Question 2.3: Using the k-nearest-neighbors classification function kknn contained in the R kknn package, suggest a good value of k, and show how well it classifies that data points in the full data set. Don’t forget to scale the data (scale=TRUE in kknn).
acc_chk = function(Z){
pred<- rep(0,(nrow(cc_data)))
for (i in 1:nrow(cc_data)){
#ensure it doesn't use i itself
knn_model=kknn(V11~V1+V2+V3+V4+V5+V6+V7+V8+V9+V10,cc_data[-i,],cc_data[i,],k=Z, scale = T)

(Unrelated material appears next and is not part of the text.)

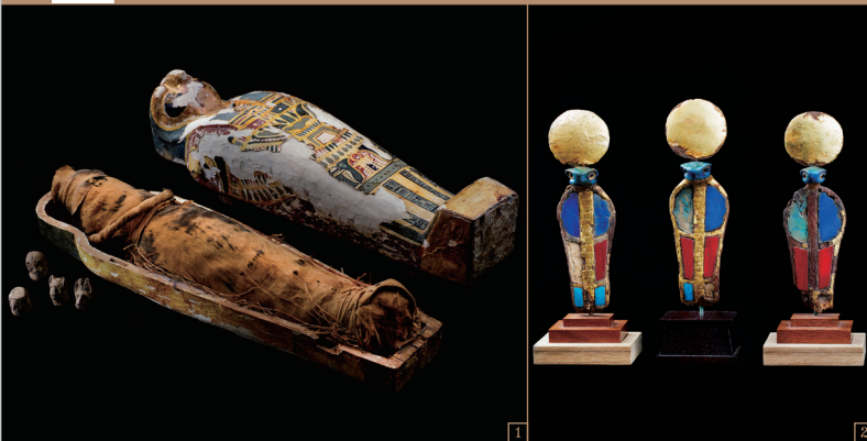
1. ホルスの4人の息子たちの護符とプタハツカル・オシリス神のミイラ／末期王朝～プトレマイオス朝時代 2. ウラエウス髪子装飾／新王国時代・第18王朝

pred[i] <- as.integer(fitted(knn_model)+0.5) #for rounding
}
acc = sum(pred == cc_data[,11]) / nrow(cc_data)
return(acc)
}
test_vec <- rep(0,30) # 30 zeroes vector for accuracy test (knn values ranging from 1 to 30)
for (Z in 1:30){
test_vec[Z] = acc_chk(Z)
}
knn_accuracy <- as.matrix(test_vec * 100) #see accuracy as percentage
knn_accuracy #print out knn values and percentage of accuracy
[,1]
[1,] 81.49847
[2,] 81.49847
[3,] 81.49847
[4,] 81.49847
[5,] 85.16820
[6,] 84.55657
[7,] 84.70948
[8,] 84.86239
[9,] 84.70948
[10,] 85.01529
[11,] 85.16820
[12,] 85.32110
[13,] 85.16820
[14,] 85.16820
[15,] 85.32110
[16,] 85.16820
[17,] 85.16820
[18,] 85.16820
[19,] 85.01529
[20,] 85.01529
[21,] 84.86239
[22,] 84.70948
[23,] 84.40367
[24,] 84.55657
[25,] 84.55657
[26,] 84.40367
[27,] 84.09786
[28,] 83.79205
[29,] 83.94495
[30,] 84.09786
knn_value <- c(1,2,3,4,5,6,7,8,9,10,11,12,13,14,15,16,17,18,19,20,21,22,23,24,25,26,27,28,29,30)
plot(knn_value,knn_accuracy)#observe accuracies per knn value
max(knn_accuracy)
[1] 85.3211
The knn value that best classifies the data points is 12 with an accuracy of 85.3211%.